Prior research has led to an appreciation that in the case of metallacycles cellular uptake and accumulation is correlated with the lipophilicity/hydrophilicity ratio.²³ The octanol/water partition coefficient (log P_o/w) of Ru1100 was determined to be 0.741 (Fig. S18†). This complex is thus more hydrophobic than its Ru(II) complex 2 (log P_o/w = −0.82). The greater lipophilicity of Ru1100 is attributed to the presence of the hydrophobic ligand 1. In the event, the lipophilicity of Ru1100 was considered conducive to cellular uptake and selective localization. The actual cellular uptake and localization of Ru1100 was tested in a lung cancer cell line (A549). After incubation with Ru1100, the A549 cells displayed a strong intracellular NIR-II fluorescence. As expected, the average fluorescence intensity increased with increasing incubation time (Fig. 3A and B and S19†). Colocalization experiments revealed that the red fluorescence signal arising from Ru1100 overlapped primarily with the green fluorescence from LysoTracker® Green (LTG) after 6 hours incubation (correlation coefficient = 0.75) (Fig. 3C and S20†). A small portion of the Ru1100-based emission was found to overlap with the fluorescence generated from Mito-Tracker® Red (MTR) and Hoechst (Fig. S21†).

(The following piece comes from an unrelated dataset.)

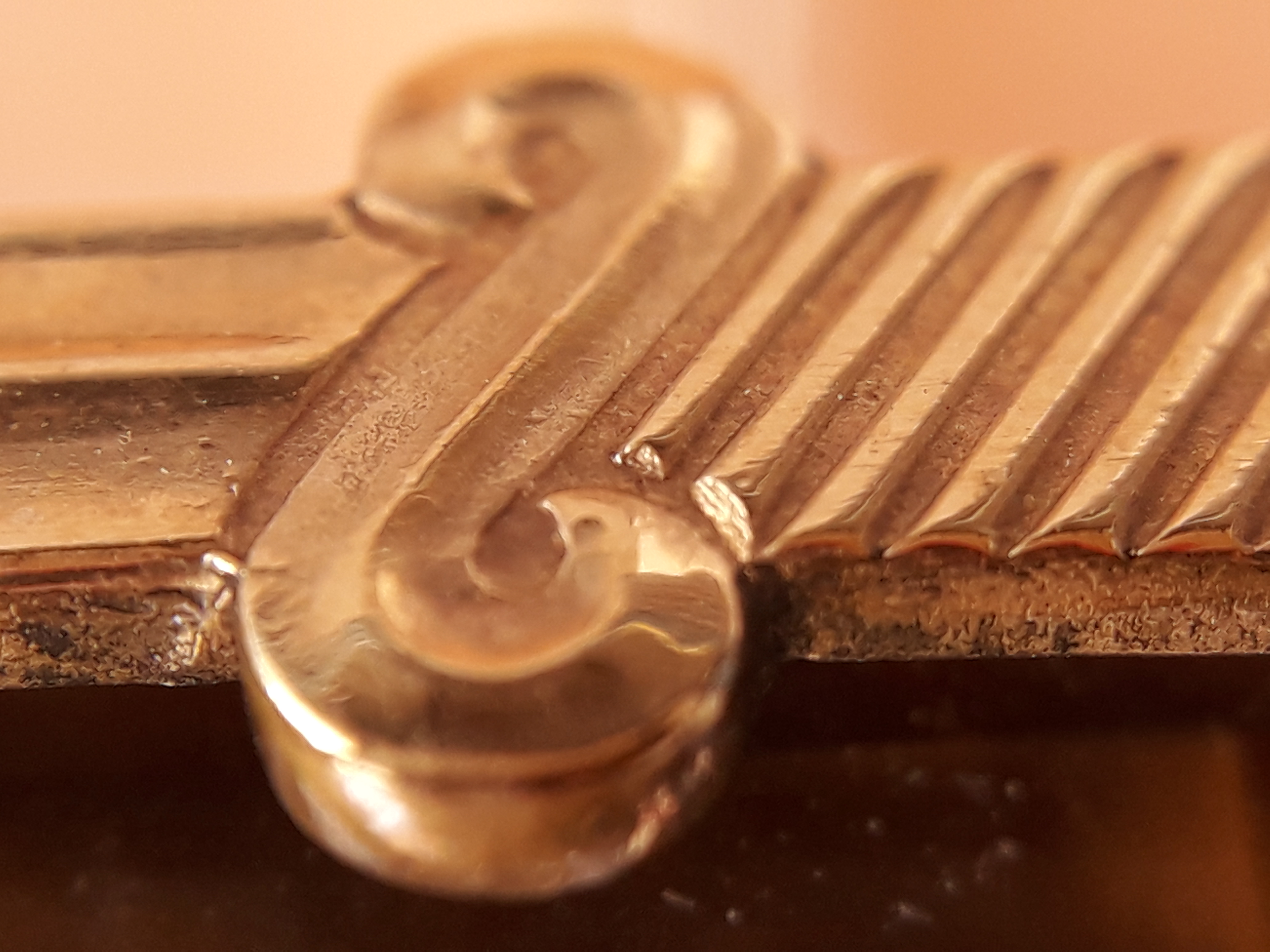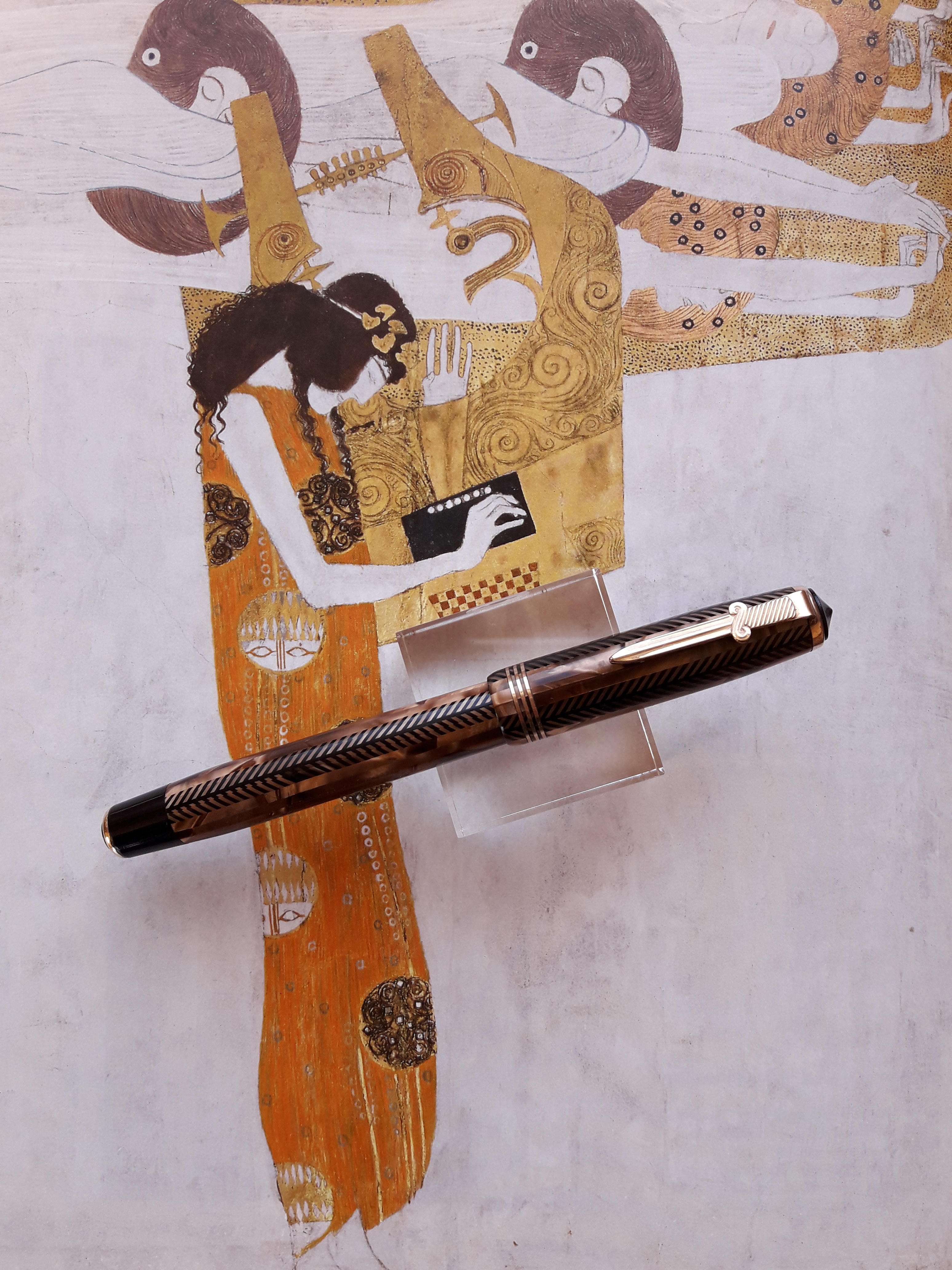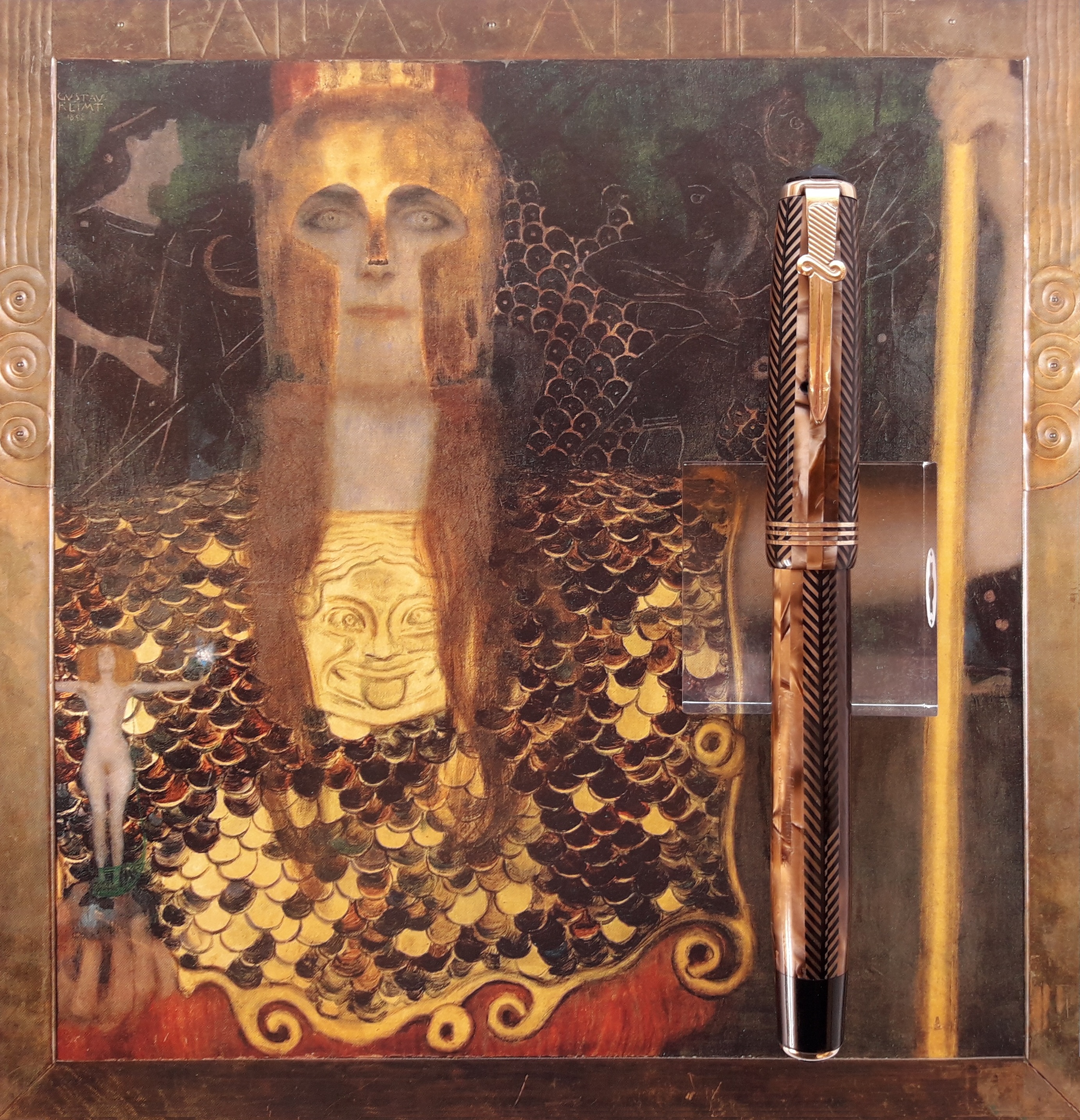 Ma che meraviglia la celluloide della penna, sembra davvero a suo agio fra le porpore dorate di Klimt. Hai postato la foto del cappuccio per mostrare il rostro ma io continuo a perdermi fra le sfaccettature e quella bella alternanza di geometrie e riflessi irregolari.

Fig. 3 (A) NIR-II fluorescence images of A549 cells incubated with Ru1100 (5 μM) for 24 h at 37 °C. NIR-II images were taken under a 100 ms exposure to a 808 nm excitation source using a NIR-II fluorescence microscope. Scale bar: 300 μm. (B) The average NIR-II fluorescence intensity of A549 cells and the corresponding error bars were obtained by taking the s.d. of their average fluorescence intensity from 20 cells within each NIR-II fluorescence image. (C) Colocalization images of cells treated with Ru1100 and LysoTracker® Green (LTG) and the corresponding correlation coefficients. Scale bar: 10 μm. (D) Elemental distribution in A549 cells as obtained from LA-ICP-MS analyses. Scale bar: 50 μm. (E) Time-dependent ICP-MS of A549 cells pre-incubated with Ru1100 (5 μM). (F) Subcellular distribution and quantification of Ru in A549 cells as inferred from ICP-MS studies. Here, A549 cells were treated with Ru1100 (5 μM) at 37 °C for 6 h in the dark. Lysosomes, mitochondria, and nuclei were extracted using lysosomal, mitochondrial and nuclear isolation kits, respectively. (G) Cellular uptake mechanism studies of Ru1100 (5 μM) at 4 °C and 37 °C, respectively. Scale bar: 300 μm.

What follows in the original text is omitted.